(Records begins)
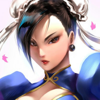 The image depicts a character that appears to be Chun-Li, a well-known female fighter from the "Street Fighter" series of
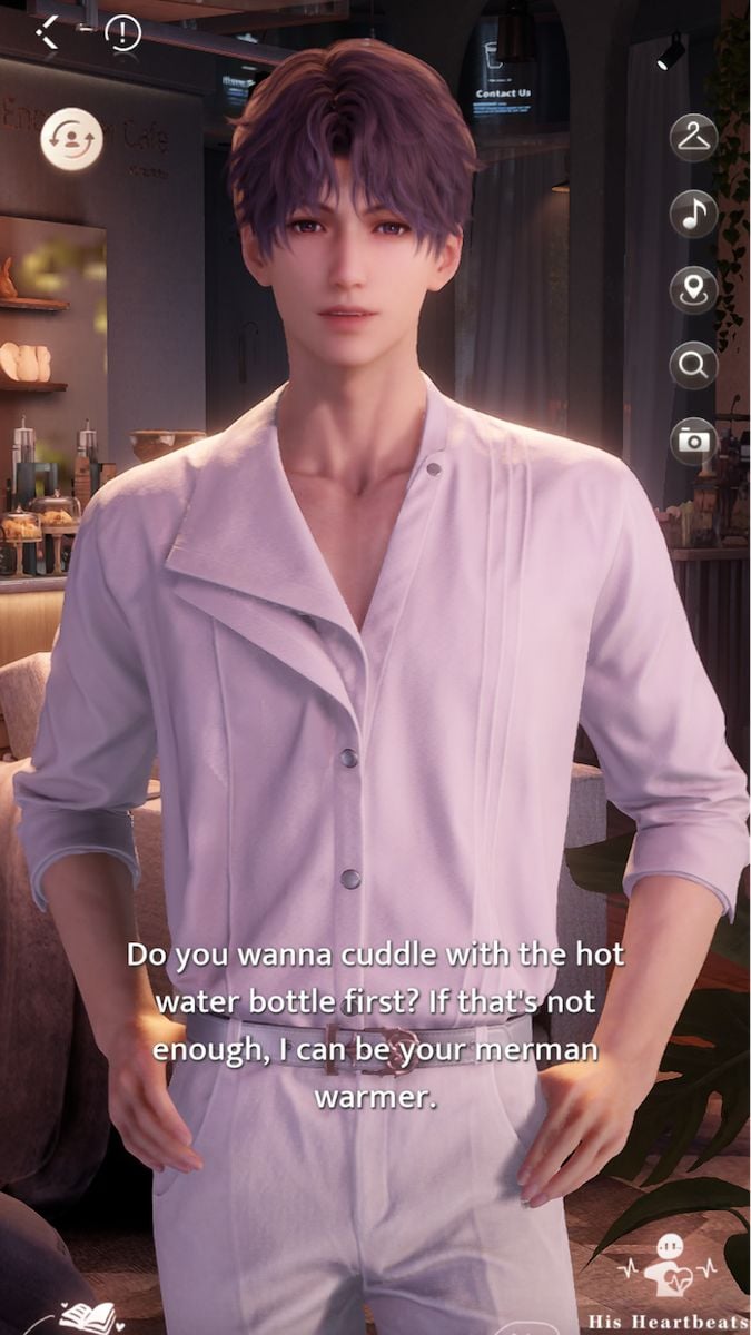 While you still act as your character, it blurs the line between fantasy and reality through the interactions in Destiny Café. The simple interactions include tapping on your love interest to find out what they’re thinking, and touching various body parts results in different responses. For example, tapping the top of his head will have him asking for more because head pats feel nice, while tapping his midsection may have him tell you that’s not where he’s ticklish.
(Records ends)
(Records begins)
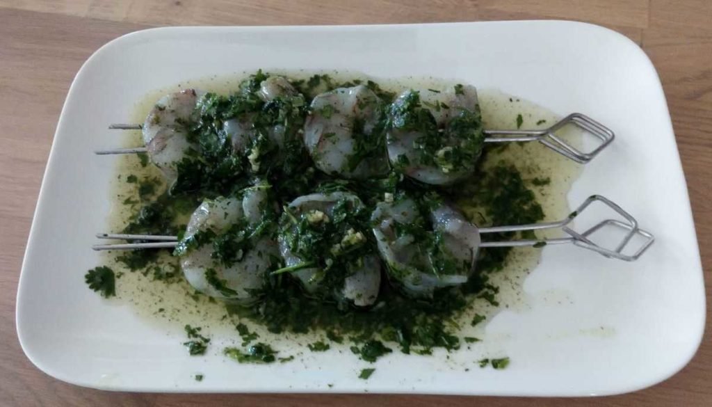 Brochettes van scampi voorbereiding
(Records ends)
▶ [Directions for this task]: Copy only what lies between the line with "The image depicts" and the line with "While you still", those two lines included, exactly as given above; pictures stay out.

▶ [Task response]:
 The image depicts a character that appears to be Chun-Li, a well-known female fighter from the "Street Fighter" series of
 While you still act as your character, it blurs the line between fantasy and reality through the interactions in Destiny Café. The simple interactions include tapping on your love interest to find out what they’re thinking, and touching various body parts results in different responses. For example, tapping the top of his head will have him asking for more because head pats feel nice, while tapping his midsection may have him tell you that’s not where he’s ticklish.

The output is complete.